I’ve come to dragonflies and damselflies rather late. Many birdwatchers know them well: after all, they fly, there’s a limited range of species, and their best time, in high summer, coincides with when it can be quiet in the bird world. But Odonata – that’s dragonflies and damselflies lumped together – are rather special on Norfolk’s marshes, so on my regular visits to NWT Thorpe Marshes I’ve been catching up.
Thorpe Marshes is rightly getting well-known as an easy place to see Norfolk Hawkers close to the city. But the commonest of the 17 dragons and damsel species we’ve found since the reserve was established in 2011 is easily the Common Blue Damselfly. It’s so common that it rather swamps the others and it’s all too easy to overlook similar species.

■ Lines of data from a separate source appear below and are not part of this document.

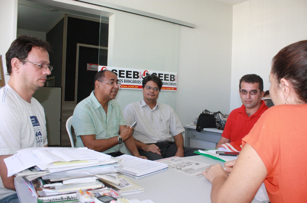 Participaram da reunião Adelmo Meneses e José Ailton Castro, presidente e secretário de Imprensa do SINDIPEMA; Roberto Silva, vice-presidente da CUT; Edval Góes, presidente da CTB/SE; e Ivânia Pereira e Marcos Gregório Queiroz Almeida, diretora de Imprensa e assessor jurídico da SEEB.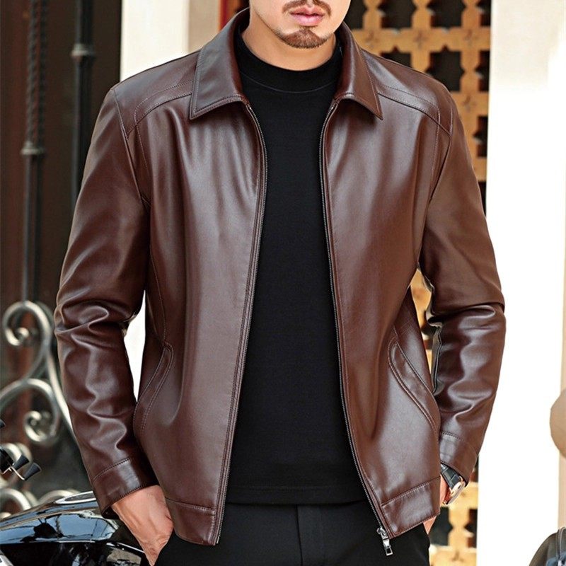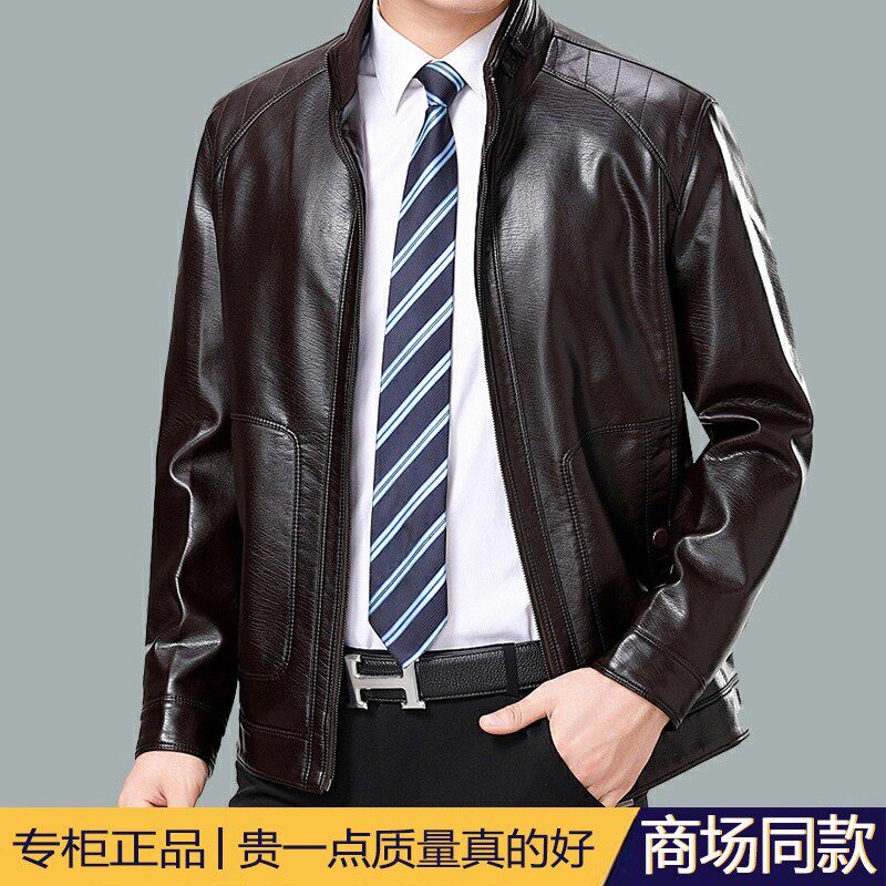 2025春秋新款 秋冬款 pu皮皮衣男冬季 时尚 加绒加厚爸爸装 皮夹克男士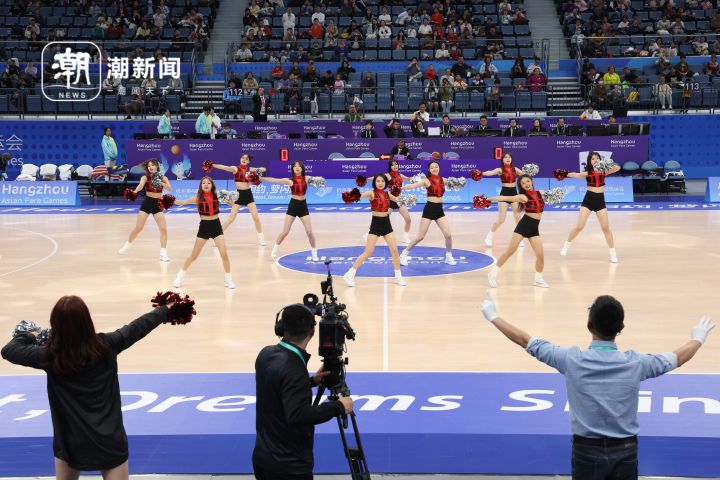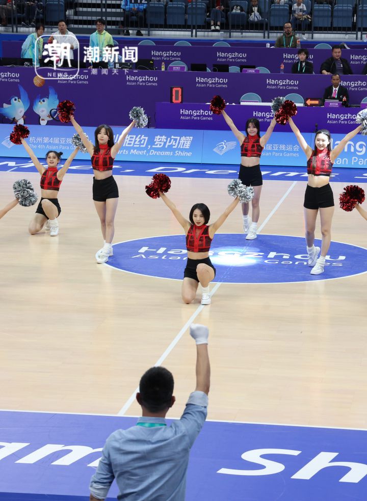 10月20日,杭州第4届亚残运会轮椅篮球赛场,比赛间隙激情热舞的啦啦队总是全场焦点。细心的观众发现,在姑娘们前面常会有一位同样在“手舞足蹈”的带队老师。据悉,在啦啦队里有几位听障的女队员,他们听不到声音,需要现场的手语指挥协助完成加油助威动作。
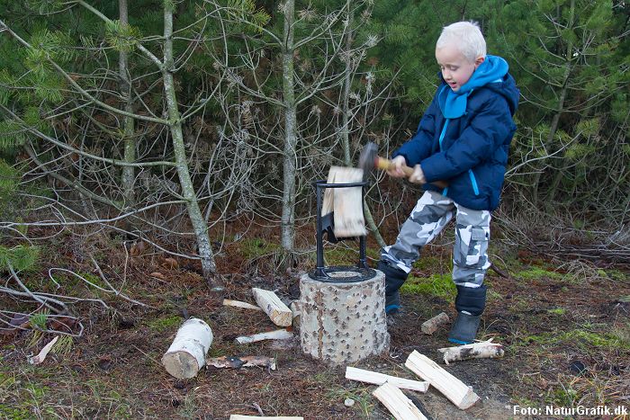 Christian på 5 år klarer let at flække brænde til bålet ved brug af en Kindling Cracker.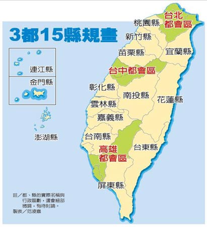 据称,“三都十五县”的三都是:台北都会区(台北市、县、基隆市,民国一○三年合并)、台中都会区(台中市、县,九十九年合并)、高雄都会区(高雄市、县,南部县市长争取一百年合并)。十五县是:桃园、新竹(新竹市、县)、苗栗、彰化、南投、云林、嘉义(嘉义市、县)、台南(台南市、县)、屏东、宜兰、花莲、台东、澎湖、金门、连江。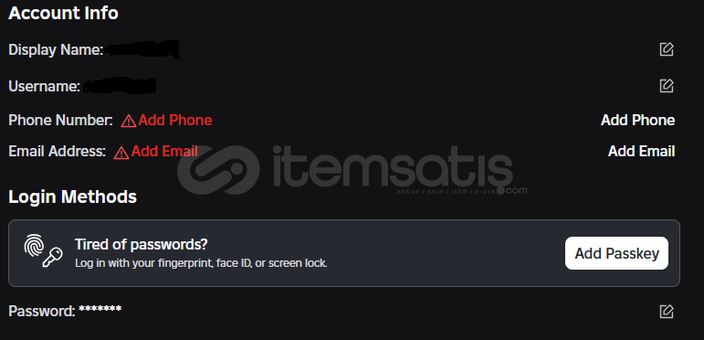 • Ek olarak hesaplar mailsizdir ve hiçbir şekilde hesapların maili bende mevcut değildir. Hesaplarda oluşacak herhangi bir sorunda sorumluluğu üstlenmemekteyim. Oyüzden hesabı alırken ek koruma ve 2Pass Key gibi korumalar eklemeyi unutmayın.
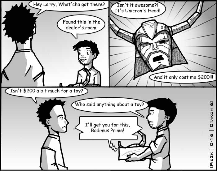 Yeah, um... can you tell that Bill and Larry came over last night and we watched "Transformers the Movie?" It'd been a very long time since I had seen it, so I didn't quite know what to expect. Believe it or not, though, Transformers actually is still a pretty damn good movie (as good as any mid-80's cartoon movie goes at least). Sure, the hair metal seems out of place now, but it's endurable, and the story is actually pretty damn decent... shockingly enough. The weirdest part about the movie, though, is the voice talent, which includes Judd Nelson, Orson Welles, and Leonard Nimoy... all of which are much higher calibur than your typical cartoon voice talent. Even compared to more recent flicks. Take Titan A.E.... Orson Welles vs. Bill Pullman..... Leonard Nimoy vs. Matt Damon? I think it's pretty obvious here.

|Azure Damselfly close-up, showing Coenagrion spur|
When Norfolk expert Pam Taylor told me she found Azure Damselflies here in 2013 that prompted me to search for them myself. They’ve been there in May, June and July this year and the photo is of one I crept up on. The close-up shows the ‘Coenagrion spur’ – the black line that abruptly stops part-way across the broad blue stripe on the thorax of this genus. They also strike me as slightly more delicate than Common Blue Damselflies and just a little less blue, for bright males, at least.
Another trick is to search lily pads on the tidal River Yare. Here there are often Red-eyed Damselflies alongside elegant, dancing Banded Agrions and the ubiquitous Common Blues.
Another recent find was Common Emerald Damselfly, rather green as the name suggests.